Ничего не сказал я еще о классных трудах учителя первого класса, на котором лежала, если не ошибаюсь, обязанность приучать нас, невоспитанных детишек сельского большею частию духовенства, к школьной дисциплине и в то же время учить их, иногда совершенно неграмотных, славянскому и русскому чтению, письму и начальному счислению. Сколько здесь нужно было положить трудов, каким надобно владеть запасом терпения и хладнокровия*. И это за 10 рублей в месяц, если не изменяет мне память. Возьмем, например, чистописание. Надобно было учителю и тетрадки наши на первое время сшивать, и награфить их, и перья для нас чинить (писали тогда ведь гусиными, а не стальными перьями), и для образца на тетрадях своею рукою написать те или другие знаки письменные - палки или буквы, научить, как правильно сидеть при этом, правильно руку, пальцы и перо держать. Работа эта, если и не каторжная, то во всяком случае египетская.

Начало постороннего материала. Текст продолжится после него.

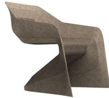
Figure 8: Furniture made of Hemps material [16]

The term of hems covers the cocanuttree peels and carrot fibres. These materials can be easily mixed with polymers to get an ecological material. Since hems absorb the environmental pollution, they are also used in industry. Hems also reduces the carbon dioxide emissions. In the beginning of 20th century, these ecological materials were used in making the panels of car doors. To produce hems, peels of coconuts and carrot fibres are soaked in water, and then they are separated from their peels. Since, their fibres are too long, they are mostly used in industry.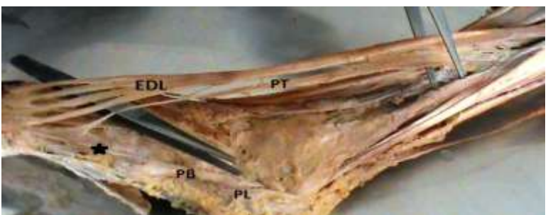
Figure 3: Lateral view of lower part of leg and foot showing distal attachment of PT and elongated tendon of peroneus brevis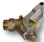
model JDFT-B Non-Adjustable Nozzle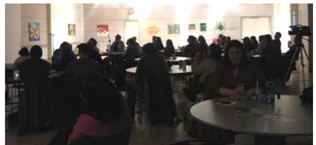
Listening to smoking cessation experiences

The investigators are currently in the process of applying for funding to conduct further research about the process of knowledge translation regarding tobacco cessation interventions within the mental health community in Vancouver.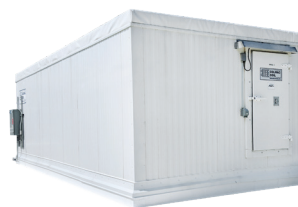
A+P Penthouse Unit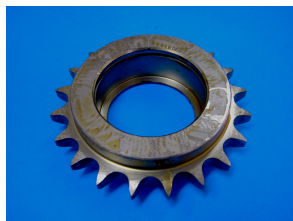
SPROCKET OD \varnothing 101.48 (N=20) HITACHI-CX

We also supply sprocket assembly sets and/or only sprocket for the escalator main driving and handrail driving unit. It's made from CNC machine tool.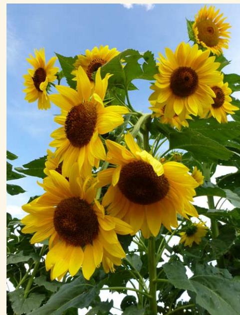
Radiant sunflowers abloom on the NS/S Conservation Farm in Patagonia, AZ.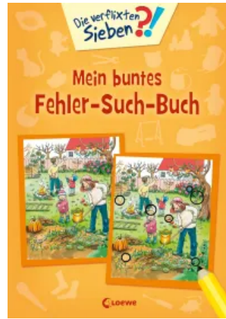
MY COLOURFUL BOOK OF FINDING MISTAKES Paperback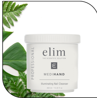
ILLUMINATING CLEANSER $59

A pH-balancing daily exfoliator with heating actives to enhance absorption of anti-aging ingredients. Available in 450 ml tub (90 applications)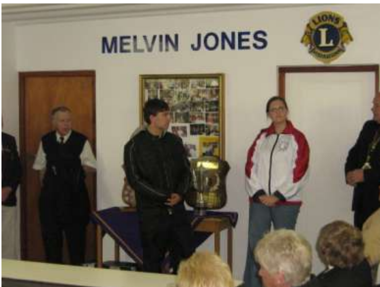
A Bursary recipient and her deaf son. She came to say thanks for allowing her to continue her studies so she will be able to help teach at the school her son attends.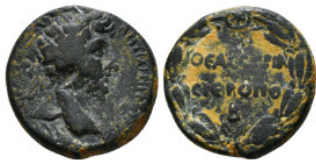
179 Roman Provincial Coin AE 9,26 g - 21,32 mm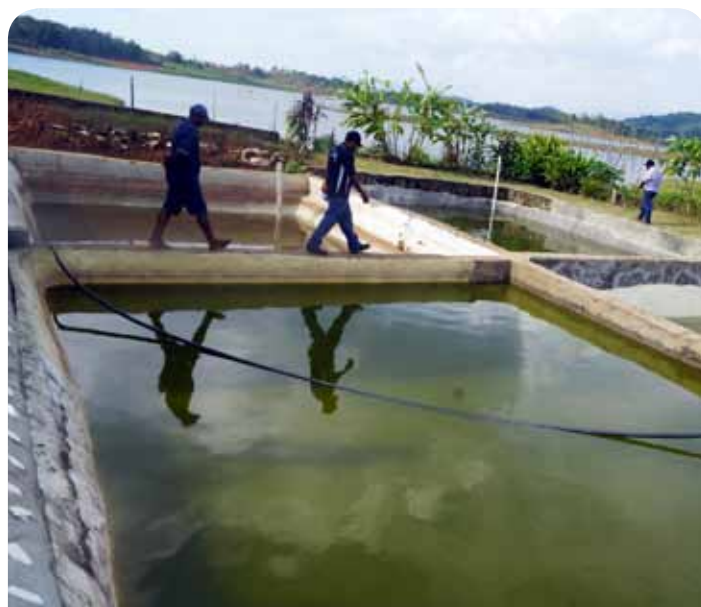
► Officials from NFA and invited guests from various agencies toured the Tilapia Hatchery and Tilapia Cage Project.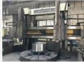
6. HEAVY VERTICAL LATHE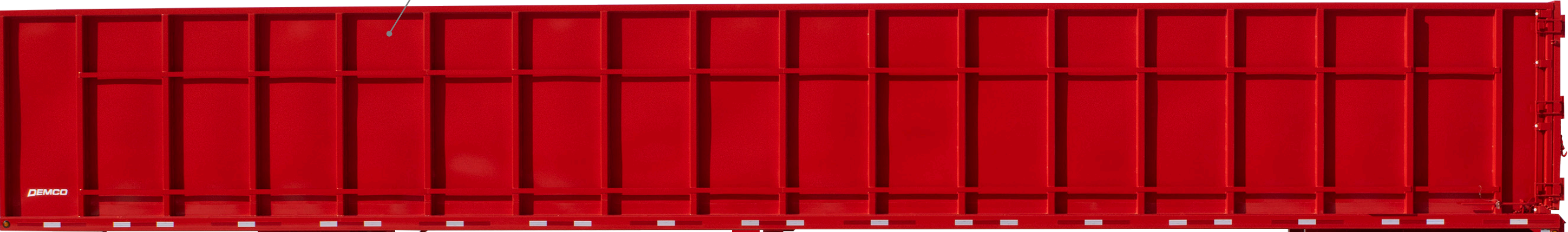
DOT APPROVED CONSPICUITY TAPE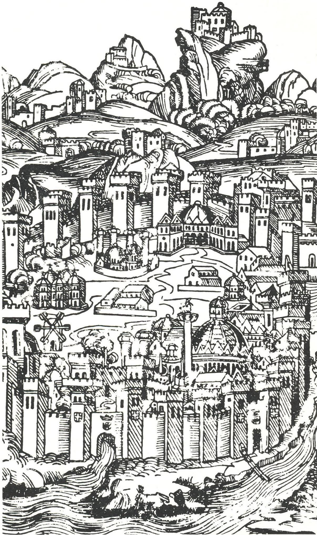
Constantinople before the Latin Conquest.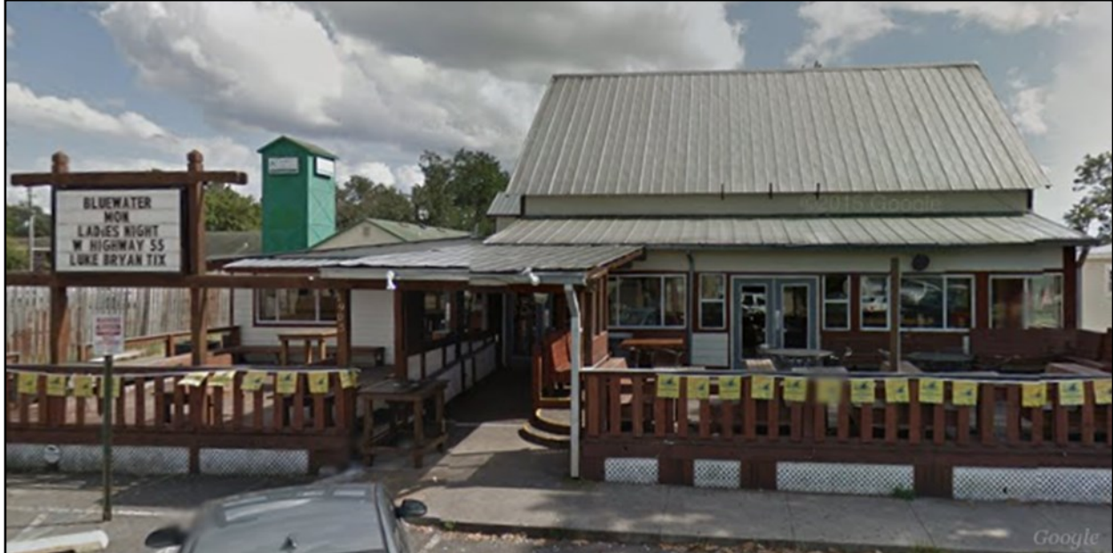
BlueWater Valdosta located in Remerton

BlueWater Valdosta has been a mainstay college bar operating successfully in Remerton for over twenty years. Remerton, once known as Mill Town, is a small municipality entirely landlocked by the City of Valdosta and located just a few miles from Valdosta State University's (VSU) main campus. This area is a popular place for VSU students to live and socialize. It is home to shops, bars, and restaurants where students hang out. BlueWater Valdosta is one of a few businesses with live music performances, DJ-played music for dancing, and all types of beer, wine, and liquor. It is a full-service bar. The current owner, Blain Nobles, took ownership and management in early 2019. Through his leadership, BlueWater weathered the 2020 pandemic very well.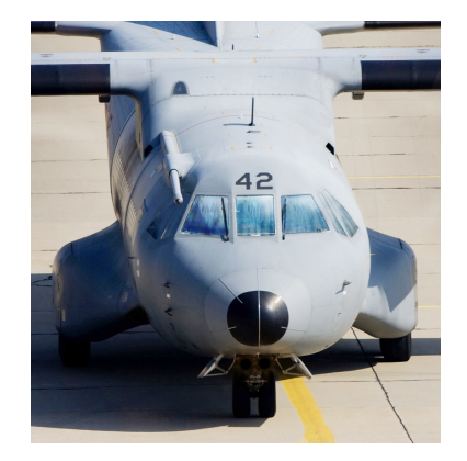
Casa C-295 Cockpit HeatShields (illustration)

This cover type is made from Silver Acrylic Sunbrella canvas and is 100% lined with a soft and smooth microfiber. Bruce's Custom Covers developed this material combination especially for aircraft protection. The outer material is medium weight and treated for water resistance, UV resistance and anti-static buildup. The inner lining is a very soft and smooth microfiber to prevent scratching. The material is very reflective, and tests show that the cabin interior temperature can be reduced to near-ambient temperature on the hottest of days. It is water, ice and snow repellent, yet breathable to allow moisture to escape from between the cover and the aircraft surface.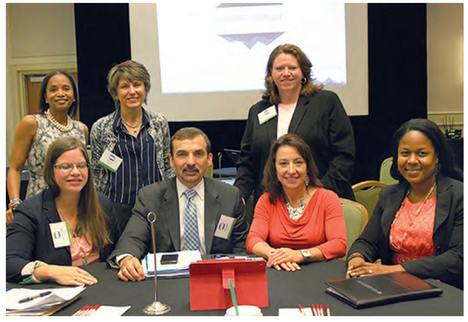
Colorado Workforce Development Council (CWDC), Sector Summit - Denver Marriott Tech Center

During the Summit, leadership from the workforce development, education, economic development communities, along with business partners and other key stakeholders, participated in breakout sessions and interactive panels, designed to provide innovative tools and solutions for developing statespecific, industry-driven sector strategy initiatives.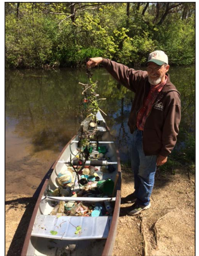
Wildwood entangled trash.

turbing pictures and articles from local organizations, including ours ( www.chicagoaudubon.org/content/untangling-hazards-fishing-line ).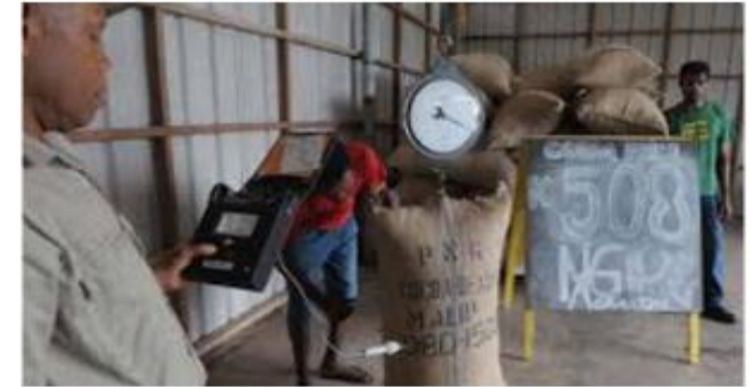
6. Buying point – quality control and management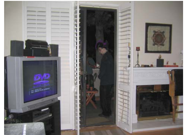
Questioner outside with Greatest American Hero theme music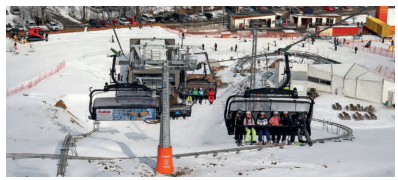
The first \,D-Line \,chair lift \,in \,the \,Czech \,Republic \,is \,now \,operating \,in \,the \,Krali\check{c}\acute{a}k \,ski \,area \,(here \,looking \,towards \,the \,bottom \,station).

ISR REPORT In 2020, the first Doppelmayr/Garaventa D-Line lift in the Czech Republic was built in the Kraličák ski resort.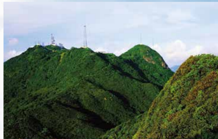
太平山頂 The Victoria Peak

為協助發展旅遊業，以及加強區內居民對本區的認識和歸屬感，中西區區議會聯同漁農自然護理署及中西區民政事務處於2002年推出「中西區生態教育徑」——爐峰自然步道，讓市民及遊客在遊覽這一區時，可以認識到這區的自然景觀、花鳥蟲魚及歷史文化。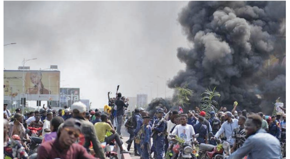
The US, France and other allies have been blamed for allowing neighboring Rwanda to fuel a conflict in the east of Congo.

Hundreds of protesters attacked several foreign embassies and a United Nations building in the Democratic Republic of Congo's capital, Kinshasa, on Tuesday as a rebel offensive backed by neighboring Rwanda in the country's east threatened to spiral into a regional crisis, The New York Times reported.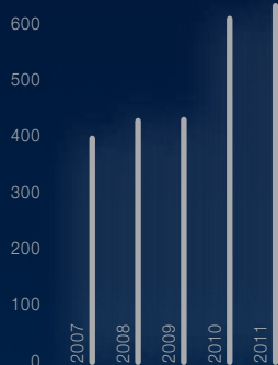
NET SALES in millions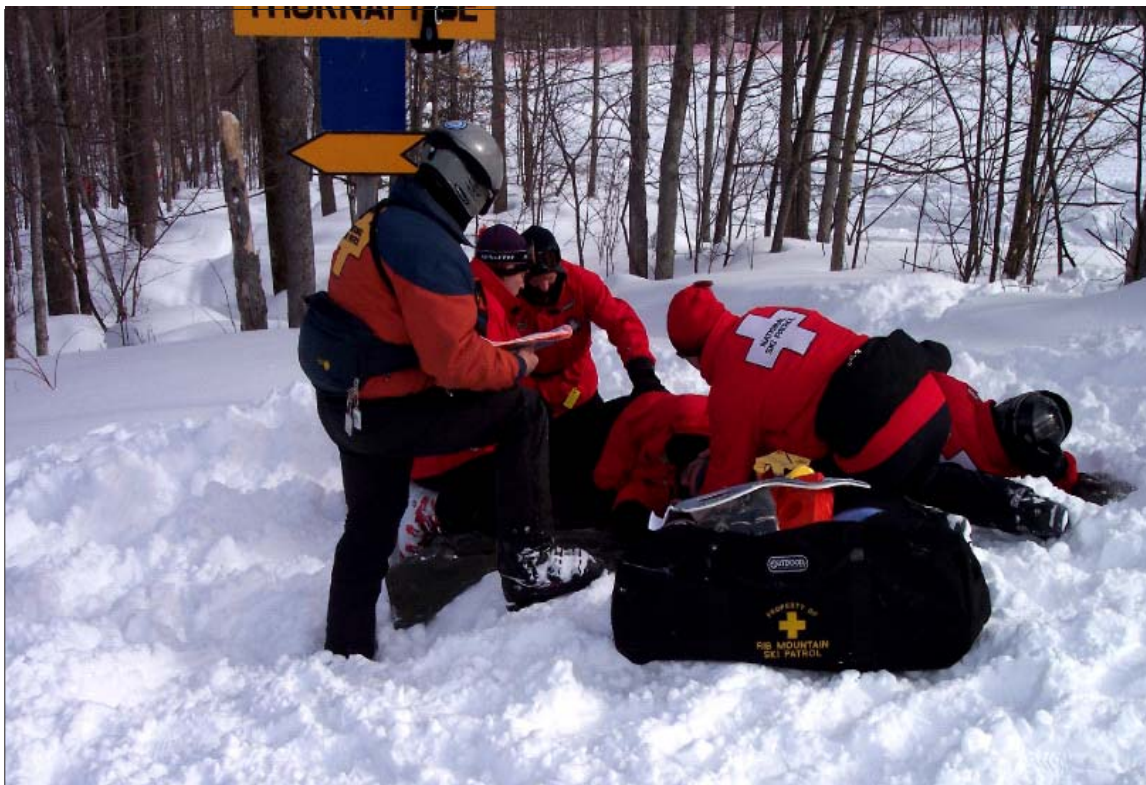
Senior Candidates demonstrate their emergency management skills in realistic conditions such as the scenario above. Applications for this year's Senior Candidates is December 1, 2009.

If you think you might be interested in taking that next step in learning and becoming a senior check out the Senior Manual on the Central Division website. http://www.nspcentral.org/senior.php

И вот иной из нас, начинающих бумагомарателей, не успеет и двух-трех письменных знаков написать, как снова идет к учителю с жалобою, что у него перо что-то "попортилось", то вот тут "сучок какой-то мешает" и т. д. И смешно, и грустно, как подумаешь. А учителю-то каково было возиться с нами! Но от Димитрия Ивановича я не слыхал и не помню ни одного слова ропота, ни тогда, ни позже. Правда, окончив курс одним из первых студентов Вологодской духовной семинарии в 1848 году к началу учебного 1849 - 1850 года он только что был определен учителем, но нетерпеливый и не достаточно умный человек мог бы в течение первого года своей училищной службы обнаружить те или другие невыгодные стороны своего характера, но с ним этого не случилось. Я помню, что, кроме уменья его обучать и удивительного терпения, он знал, что дать ребенку и для внеклассного занятия. Он первый дал мне и первую книгу на русском языке для внеклассного чтения и спрашивал потом меня, что я тут понял и как понравилась она мне. Книги этой я не встречал потом в жизни нигде. Она была, я думаю, переводная и называлась "Гумаль и Лина". Интересно бы знать, сохранилась ли она до настоящего времени в библиотеке Устюжского духовного училища, откуда она была взята Димитрием Ивановичем? С каким удовольствием, кажется, прочел бы ныне эту книжку, возбудившую некогда во мне интерес к чтению!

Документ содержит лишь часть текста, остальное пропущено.